Mentally: confusion, lack of motivation, inability to prioritize, hatred of self, quick to be irritated, thoughts of self-harm/suicide. It’s living in the shadow of the expectation of others and even more daunting sometimes is the shadow of my own expectation. I am scared to reach out to anyone because I don’t want to be a burden.

It is hard to keep my responsibilities in order. I feel like the things I am supposed to have figured out are like rocks and pebbles in a jar. The objective is to fit everything inside. I just keep dumping out the jar and trying to reorganize the stones over and over. Just when I think I have it all together I realize that there are still important things that I have left on the table and haven’t even thought about for a while. More rocks and pebbles keep showing up and the jar isn’t about to get any bigger.

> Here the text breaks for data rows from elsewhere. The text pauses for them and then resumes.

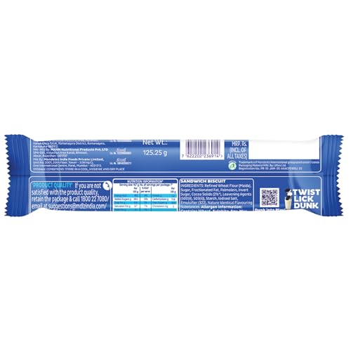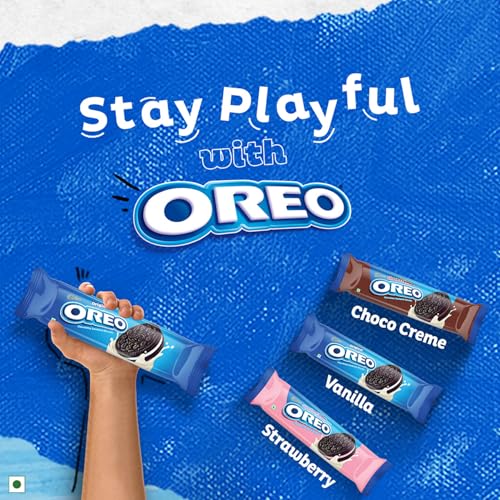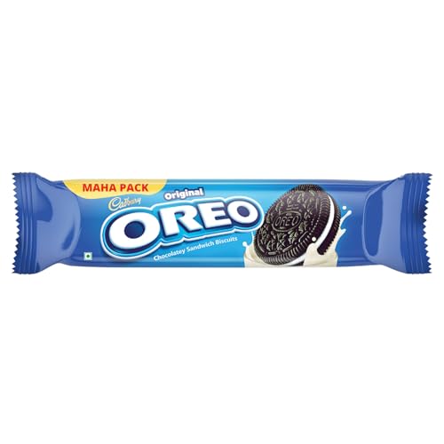 OREO: milk's best friend for over 100 years! Cadbury OREO Vanilla crème sandwich biscuit consists of two chocolatey biscuits with a rich vanilla crème filling between them. Cadbury OREO crème biscuits are made with cocoa which defines their unique chocolatey flavour. Add this crunchy delight to your snacks and gift yourself rich and smooth joy. OREO biscuits are perfect for snacking or enjoying as a treat at any time of the day. Twist lick and dunk! Enjoy OREO sandwich cookies with a glass of milk or add them to your favourite recipes such as cakes and milkshakes! Add a scoop of vanilla ice cream to OREO biscuits to make your own creamy dessert! Available in single & family/ combo packs. This biscuit pack is suitable for vegetarians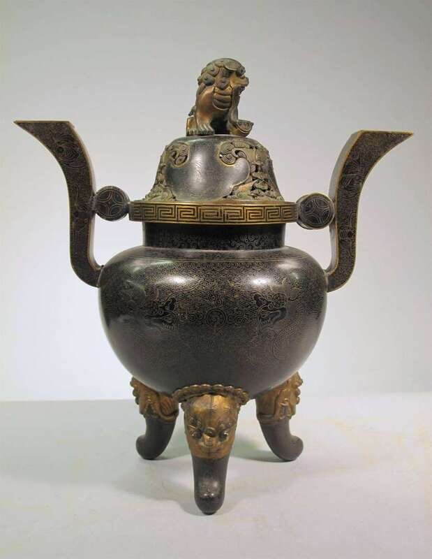 Of globular form raised on beast-headed tripod, enameled throughout with designs of dragons over fiery pearls over ruyi cloud grounds, geometric band over lotus banded neck; mounted by bat designed handles to sides, attached to hollowed bat designed lid; mounted by a fu lion.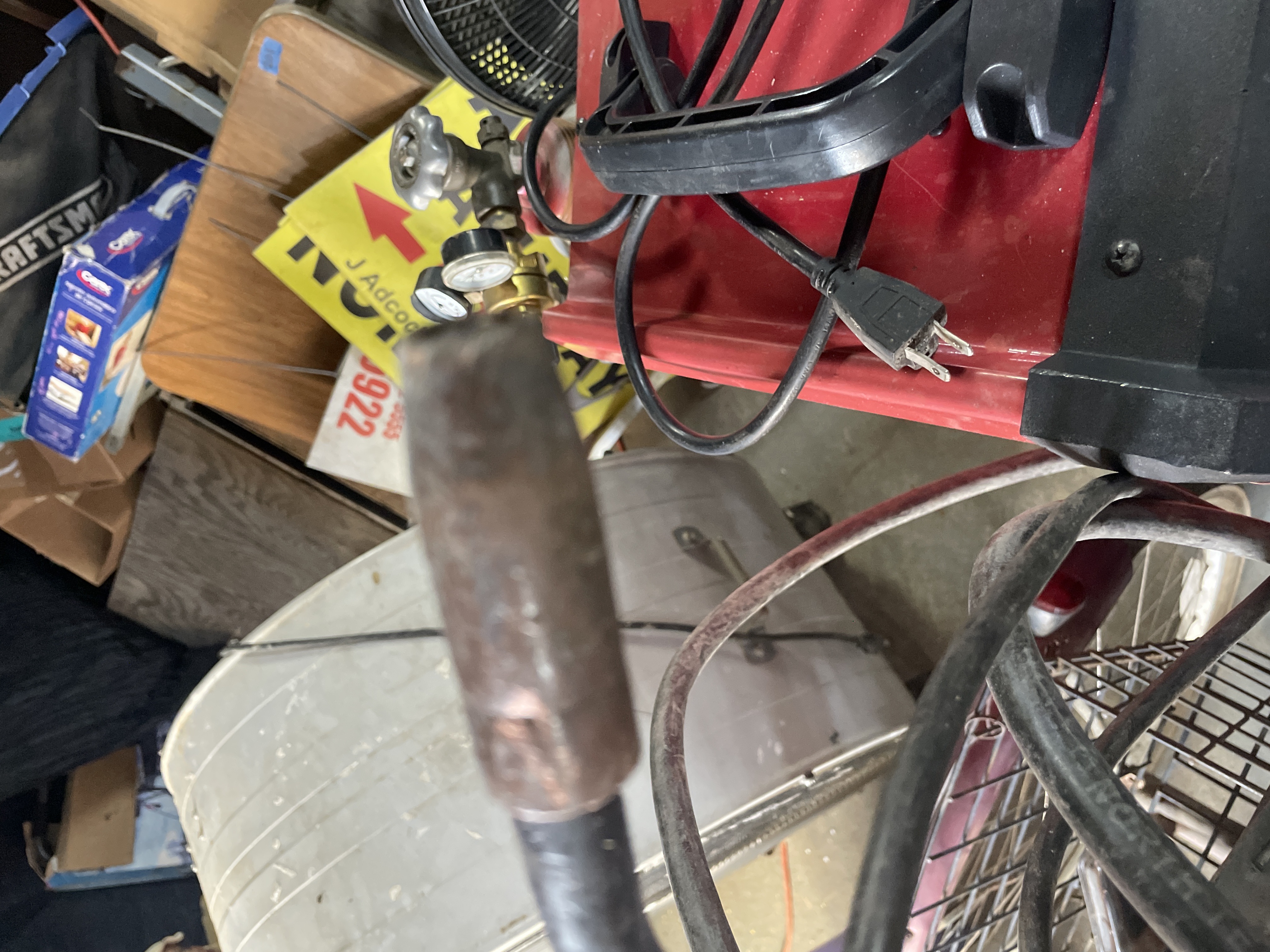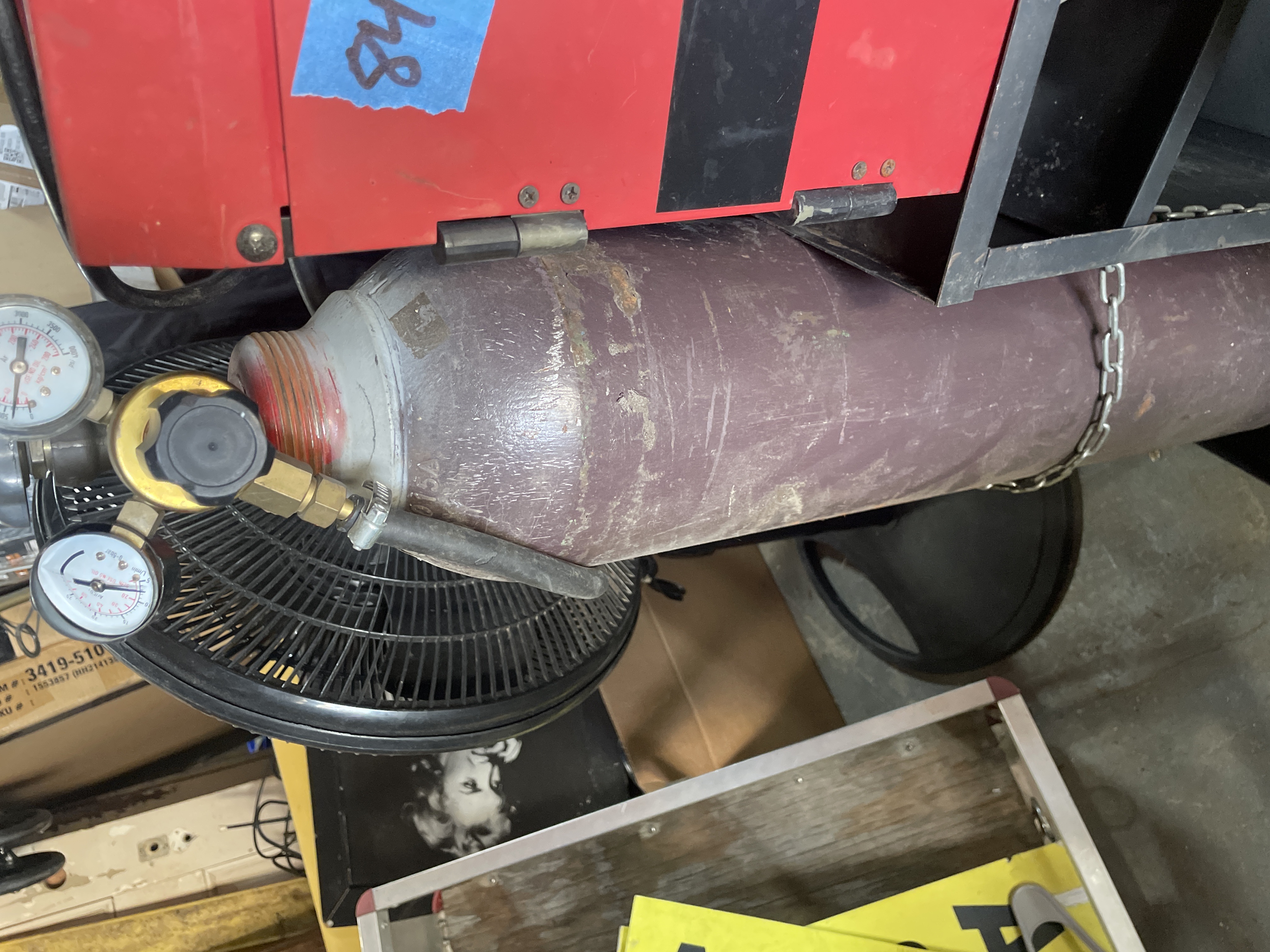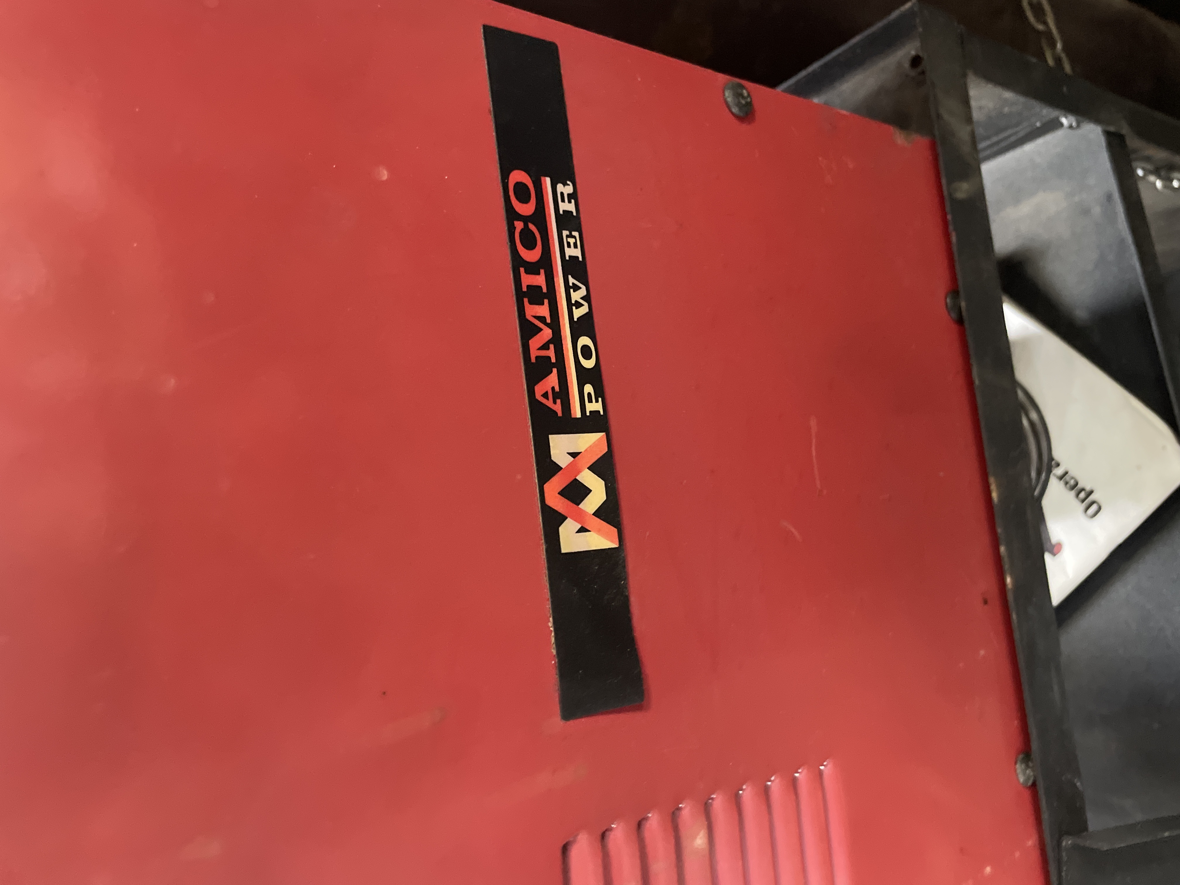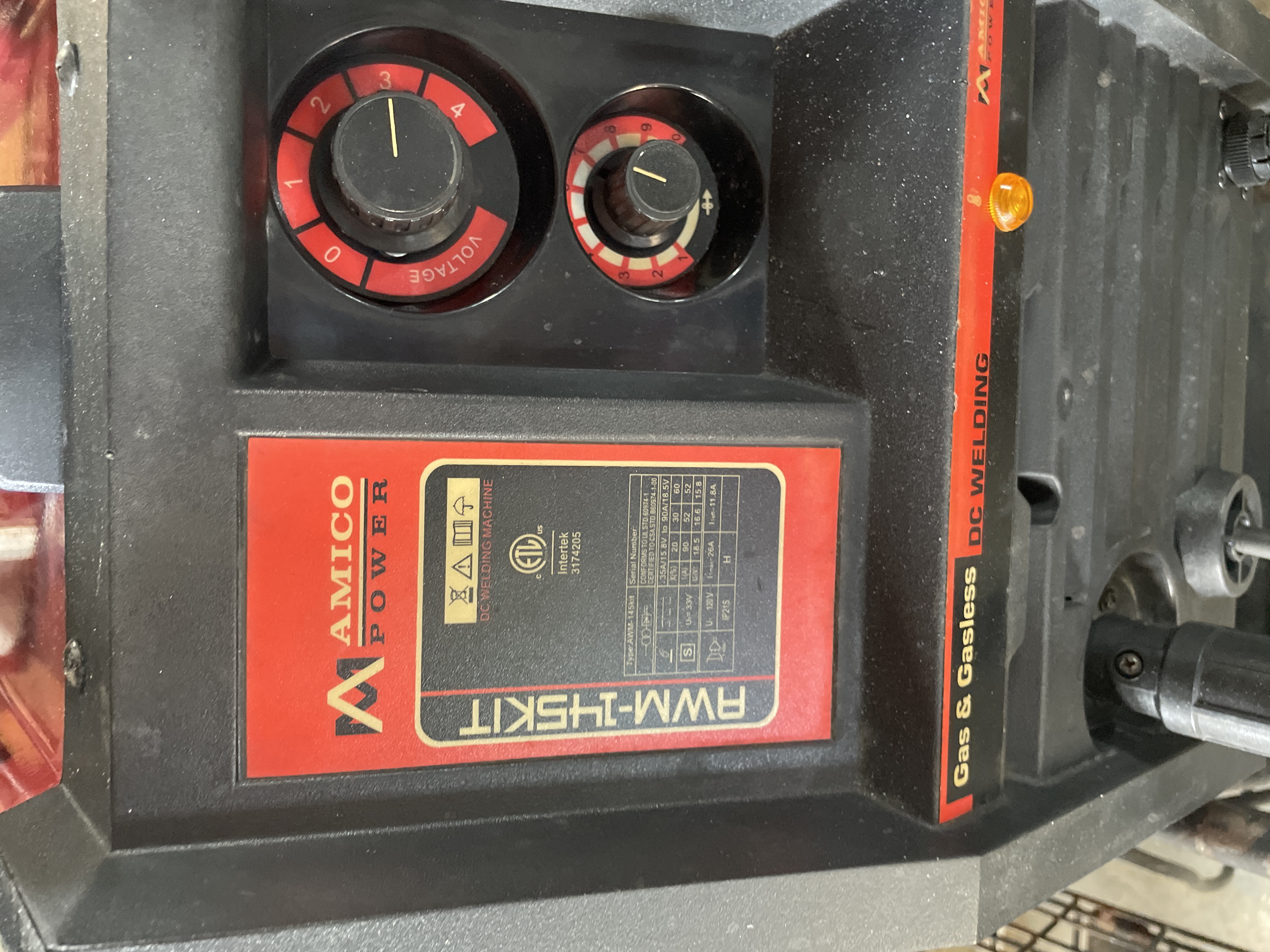 A AMICO POWER RWM-145KIT Gas & Gasless DC Welding Machine. The welder features a red and black composite casing with operational dials for Voltage and current settings visible on the front panel. The machine is mounted upon a black painted metal rolling cart equipped with two storage shelves and wheels. The lot includes a large, reddish-brown industrial gas cylinder secured to the side of the cart via a metal chain, fitted with a brass regulator manifold displaying two pressure gauges. Also included are the associated welding leads and torch assembly. Visible identification includes the model number RWM-145KIT and the branding AMICO POWER on the machine casing. A manufacturer’s label on the front panel provides specifications, including Type RWM-145KIT and DC Welding.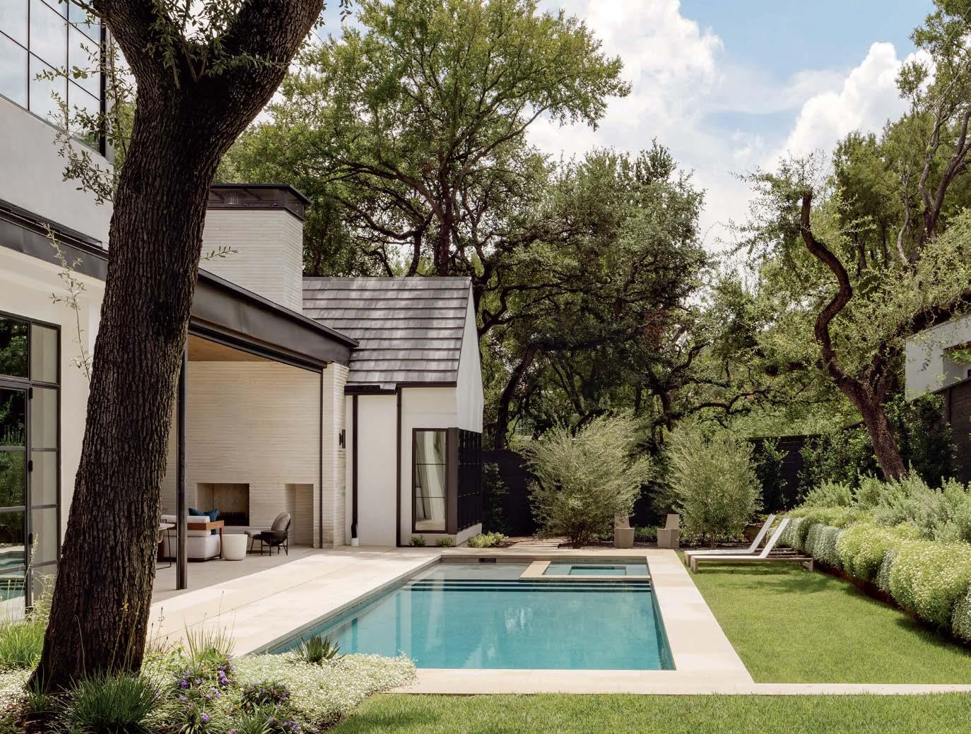 Outside, Pfaff selected minimalist furnishings in neutral tones to echo landscape designer Roy Adams’ plantings, while not distracting from the interiors. And though there’s an outdoor kitchen and pool to entertain guests, the exterior spaces are meant to be contemplative in an ode to Japanese Zen gardens. “We’d always been so transient that we never had the luxury of truly settling down,” the wife adds. “It’s been a treat to tailor each space to how we actually use it.”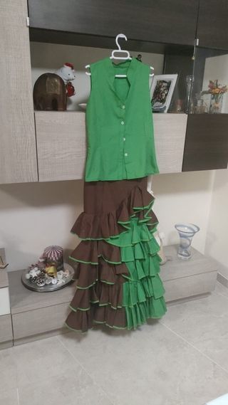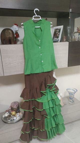 Conjunto de dos piezas para baile flamenco, compuesto por una blusa sin mangas y una falda larga. - Blusa de color verde con cuello mao y botones. - Falda larga con volantes en capas de color marrón y verde.

Image result for some of those things are symptoms parks and rec(I love parks and rec)


I am going to try and be as real as possible here. Some of these things don’t make sense to me. There are days when I don’t know which things are aspects of my personality and which are due to the chemicals in my brain or lack thereof. Where is the line?

I have a wish mixed with a hope (if that isn't the most princessy thing I have ever said) that humanity will be open about mental health. That it can be something talked about with children in families and at school and safely. That it will not be looked at as a taboo to be avoided, but something that needs to be faced. Hopefully, we can all communicate and help each other. Hopefully, we can be together on this.